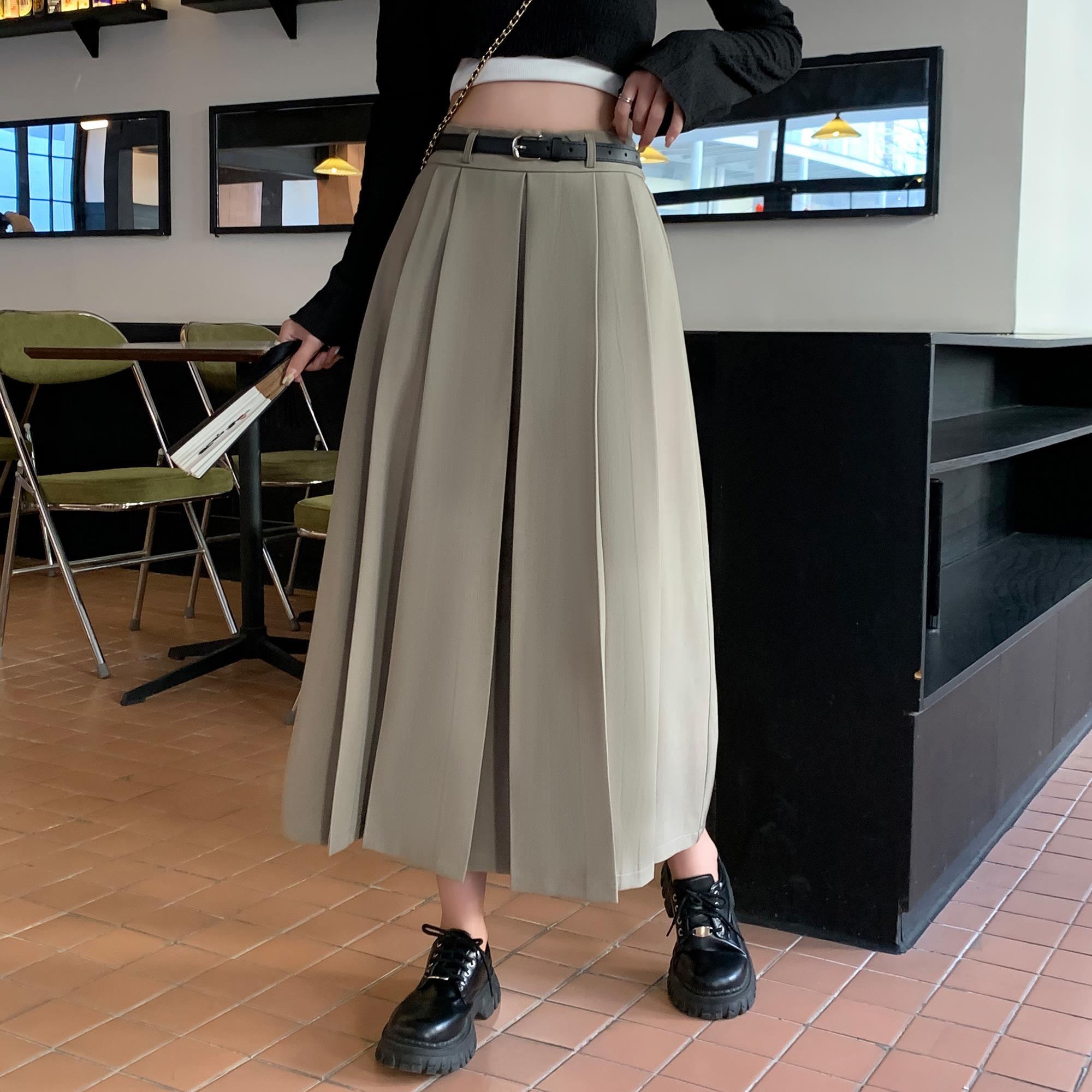 小吉家大码女装学院风高腰百褶西装裙女黑色显瘦遮胯百搭A字裙子
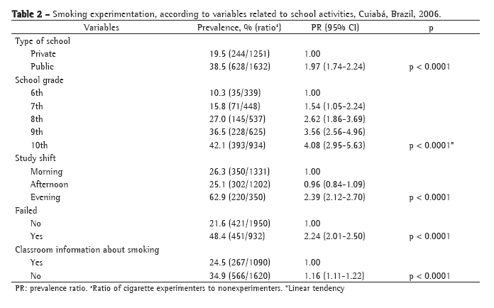 In relation to school activities and smoking experimentation, we observed that students from public schools are at greater risk of experimenting with smoking than are those who study in private schools. In addition, the probability of experimenting with smoking increases linearly with the advance of the adolescent to the subsequent grades. Similarly, studying in the evening, having been held back a school year and not having received any classroom instruction regarding smoking can all increase the probability of the adolescent experimenting with smoking (Table 2).
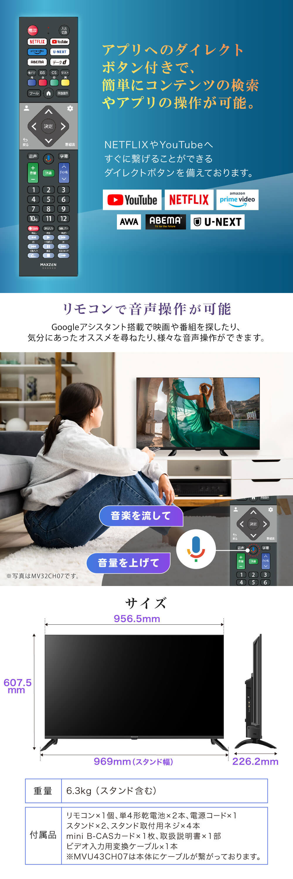 NETFLIXやYouTubeなどのプリインストールアプリに加えて、Google Play 搭載で追加のアプリをダウンロードでき、映画、音楽
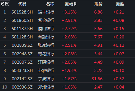 大金融板块护盘,瑞丰银行、紫金银行、常熟银行、江阴银行涨超2%,江苏银行、无锡银行、宁波银行等跟涨。
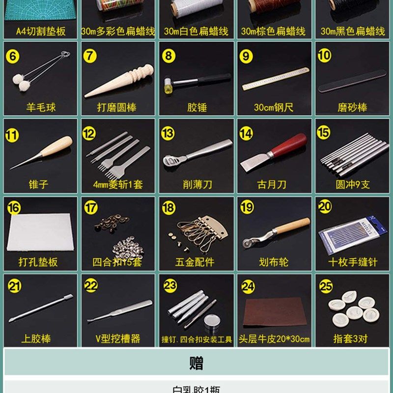 【基础版】皮革工具套装手工DIY皮具老树皮包钱包手工缝制皮革艺
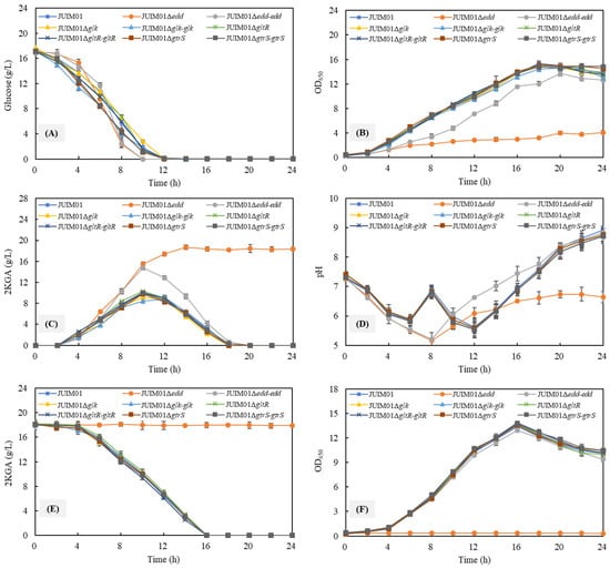 The structural gene-knocked mutants of JUIM01Δedd, JUIM01Δglk, JUIM01ΔgltR, and JUIM01ΔgtrS (Figure S6) and their complemented strains of JUIM01Δedd-edd, JUIM01Δglk-glk, JUIM01ΔgltR-gltR, and JUIM01ΔgtrS-gtrS (Figure S8) were constructed, respectively, to elucidate the roles of edd, glk, gltR, and gtrS genes in the 2KGA metabolism of P. plecoglossicida JUIM01. Figure 4A–D present the differences in the cell growth and 2KGA metabolism of the parent strain P. plecoglossicida JUIM01 and the structural gene-knocked and complemented strains when using 20 g/L of glucose as the sole carbon source. The knockout of glk, gltR, or gtrS had no significant changes in glucose utilization, cell growth, 2KGA synthesis and consumption, or pH levels in broth. Interestingly, the deletion of edd and the complementation of edd to the JUIM01Δedd strain benefited the glucose consumption rates of over 1.8 g/L/h, which increased by 20% compared to the parent strain. The edd-knocked strain JUIM01Δedd showed a high 2KGA production efficiency of the produced 2KGA concentration of 18.2 g/L and could not use the produced 2KGA as the sole carbon source (Figure 4E,F). The deletion of edd resulted in a remarkable reduction in cell concentration and growth rate with the maximum cell concentration of 2.35 g/L (OD650 nm = 4.08) compared to those of the parent strain with the maximum cell concentration of 8.56 g/L (OD650 nm = 14.89). Corresponding to an efficient 2KGA production performance, the pH of JUIM01Δedd broth also showed a significant difference from that of JUIM01.

····················

What you are asked to do =
Write out the records above once more, word for word, with no pictures.

Your response =
 小吉家大码女装学院风高腰百褶西装裙女黑色显瘦遮胯百搭A字裙子
 In relation to school activities and smoking experimentation, we observed that students from public schools are at greater risk of experimenting with smoking than are those who study in private schools. In addition, the probability of experimenting with smoking increases linearly with the advance of the adolescent to the subsequent grades. Similarly, studying in the evening, having been held back a school year and not having received any classroom instruction regarding smoking can all increase the probability of the adolescent experimenting with smoking (Table 2).
 NETFLIXやYouTubeなどのプリインストールアプリに加えて、Google Play 搭載で追加のアプリをダウンロードでき、映画、音楽
 大金融板块护盘,瑞丰银行、紫金银行、常熟银行、江阴银行涨超2%,江苏银行、无锡银行、宁波银行等跟涨。
 【基础版】皮革工具套装手工DIY皮具老树皮包钱包手工缝制皮革艺
 The structural gene-knocked mutants of JUIM01Δedd, JUIM01Δglk, JUIM01ΔgltR, and JUIM01ΔgtrS (Figure S6) and their complemented strains of JUIM01Δedd-edd, JUIM01Δglk-glk, JUIM01ΔgltR-gltR, and JUIM01ΔgtrS-gtrS (Figure S8) were constructed, respectively, to elucidate the roles of edd, glk, gltR, and gtrS genes in the 2KGA metabolism of P. plecoglossicida JUIM01. Figure 4A–D present the differences in the cell growth and 2KGA metabolism of the parent strain P. plecoglossicida JUIM01 and the structural gene-knocked and complemented strains when using 20 g/L of glucose as the sole carbon source. The knockout of glk, gltR, or gtrS had no significant changes in glucose utilization, cell growth, 2KGA synthesis and consumption, or pH levels in broth. Interestingly, the deletion of edd and the complementation of edd to the JUIM01Δedd strain benefited the glucose consumption rates of over 1.8 g/L/h, which increased by 20% compared to the parent strain. The edd-knocked strain JUIM01Δedd showed a high 2KGA production efficiency of the produced 2KGA concentration of 18.2 g/L and could not use the produced 2KGA as the sole carbon source (Figure 4E,F). The deletion of edd resulted in a remarkable reduction in cell concentration and growth rate with the maximum cell concentration of 2.35 g/L (OD650 nm = 4.08) compared to those of the parent strain with the maximum cell concentration of 8.56 g/L (OD650 nm = 14.89). Corresponding to an efficient 2KGA production performance, the pH of JUIM01Δedd broth also showed a significant difference from that of JUIM01.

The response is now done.